2. The data carrier according to claim 1, characterized in that, The first page is provided with a first image, and the second card and the third card can move relative to the first card so that the first transparent part and the second transparent part completely cover the first image; the first microstructure array or the second microstructure array is a first decoding lens, and the third microstructure array or the fourth microstructure array is a second decoding lens; When the second card is stacked on top of the first card, the first decoding lens is used to reveal the first hidden information in the first image; or, When the second card and the third card are stacked on top of the first card, the second decoding lens is used to reveal the first hidden information in the first image; or... When the second card and the third card are stacked on top of the first card, the first decoding lens is used to reveal the first hidden information in the first image, and the second decoding lens is used to reveal the second hidden information in the first image.
3. The data carrier of claim 2, characterized in that, When the second card and the third card are stacked on top of the first card, the area of the second page or the third page covered by the first decoding lens is parallel to the area of the first page covered by the first image; the area of the fourth page or the fifth page covered by the second decoding lens is parallel to the area of the first page covered by the first image.
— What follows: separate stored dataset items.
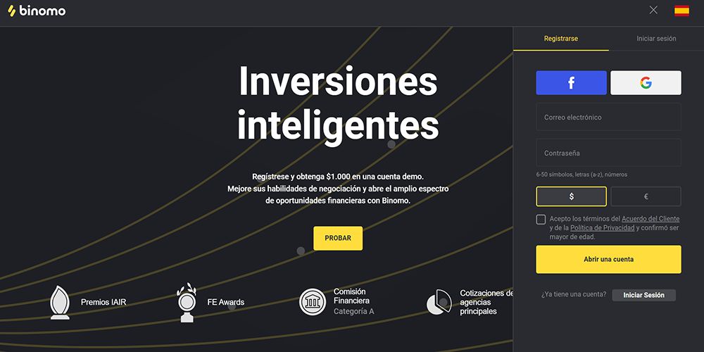 Para usar los servicios financieros de la plataforma debes ingresar a su página web binomo.com y hacer clic en “Regístrate”. Utiliza tu correo electrónico, crea una contraseña para entrar a Binomo. Selecciona la divisa en la que se reflejarán tus fondos (no podrás cambiarla luego del registro). Lee el Acuerdo del Cliente, y si estás de acuerdo termina el proceso. También, puedes iniciar sesión usando tu cuenta Gmail y Facebook.
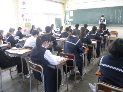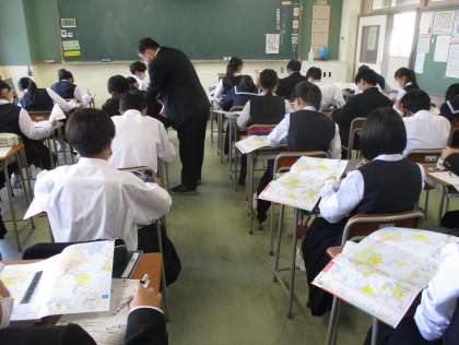 1年生の授業の様子を紹介します。 【写真上:社会】 【写真中:国語】 【写真下:保健体育】
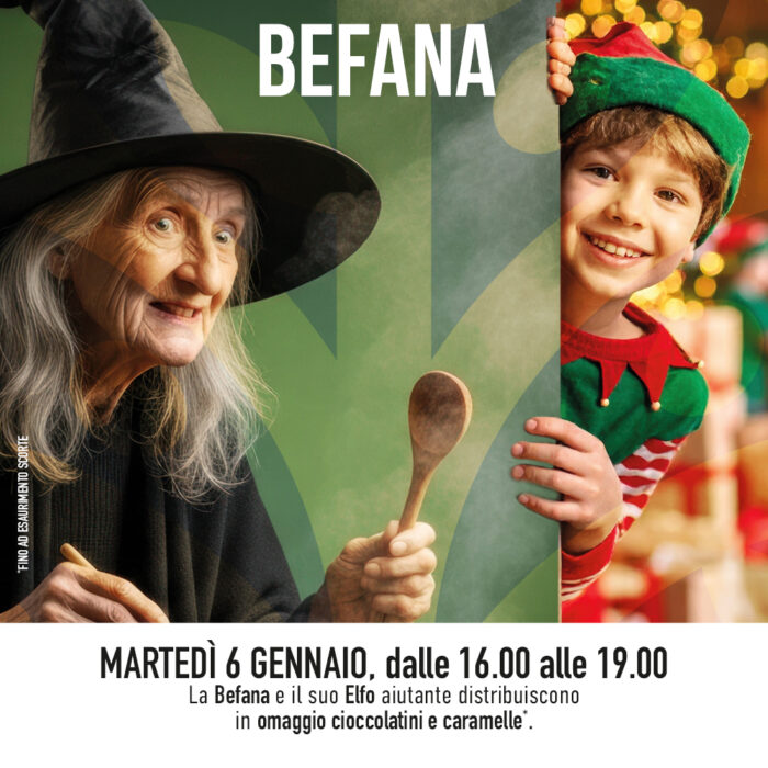 📆 Il 6 gennaio, dalle 16:00 alle 19:00, la Befana e il suo Elfo fanno tappa al Centro Commerciale per un pomeriggio dolcissimo ✨
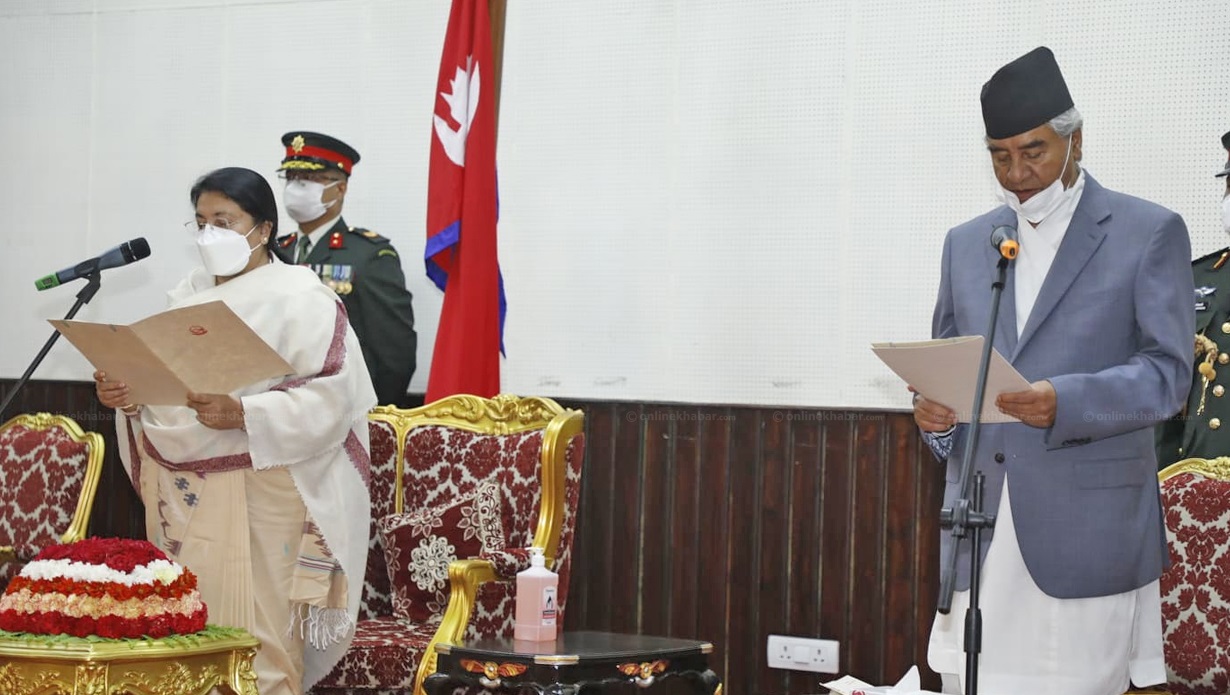 सर्वोच्च अदालतको फैसलापछि राष्ट्रपति भण्डारीले मंगलबार दिउँसो देउवालाई प्रधानमन्त्रीमा नियुक्त गरेकी हुन् । राष्ट्रपति भण्डारीले प्रधानमन्त्री नियुक्तिमा संविधानको धारा उल्लेख नगरेको भनी देउवाले नियुक्ति सच्याएर मात्र शपथ लिने अडान लिएका थिए ।
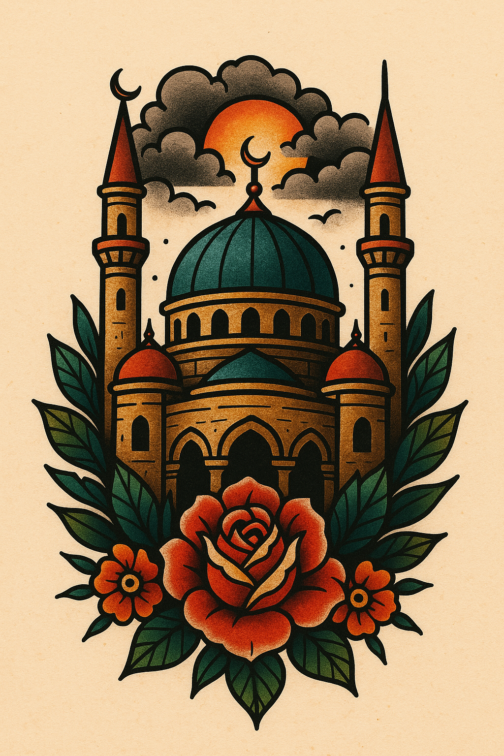 /Collection: /by davooda/Type: PNG/This is a vibrant illustration featuring a mosque surrounded by roses and leaves, showcasing a blend of cultural and floral motifs. Ideal for art prints or decorative purposes.

4. The data carrier according to claim 3, characterized in that, The second card further includes a first non-decoding area, and the third card includes a second non-decoding area; The area of the second page or the third page covered by the first decoding lens is parallel to the area of the second page or the third page covered by the first non-decoding area, and the area of the fourth page or the fifth page covered by the second decoding lens is parallel to the area of the fourth page or the fifth page covered by the second non-decoding area. Alternatively, the area of the second page or the third page covered by the first decoding lens is parallel to the area of the second page or the third page covered by the first non-decoding area, and the area of the fourth page or the fifth page covered by the second decoding lens is not parallel to the area of the fourth page or the fifth page covered by the second non-decoding area; Alternatively, the area of the second page or the third page covered by the first decoding lens is not parallel to the area of the second page or the third page covered by the first non-decoding area, and the area of the fourth page or the fifth page covered by the second decoding lens is parallel to the area of the fourth page or the fifth page covered by the second non-decoding area. Alternatively, the area of the second page or the third page covered by the first decoding lens is not parallel to the area of the second page or the third page covered by the first non-decoding area, and the area of the fourth page or the fifth page covered by the second decoding lens is not parallel to the area of the fourth page or the fifth page covered by the second non-decoding area.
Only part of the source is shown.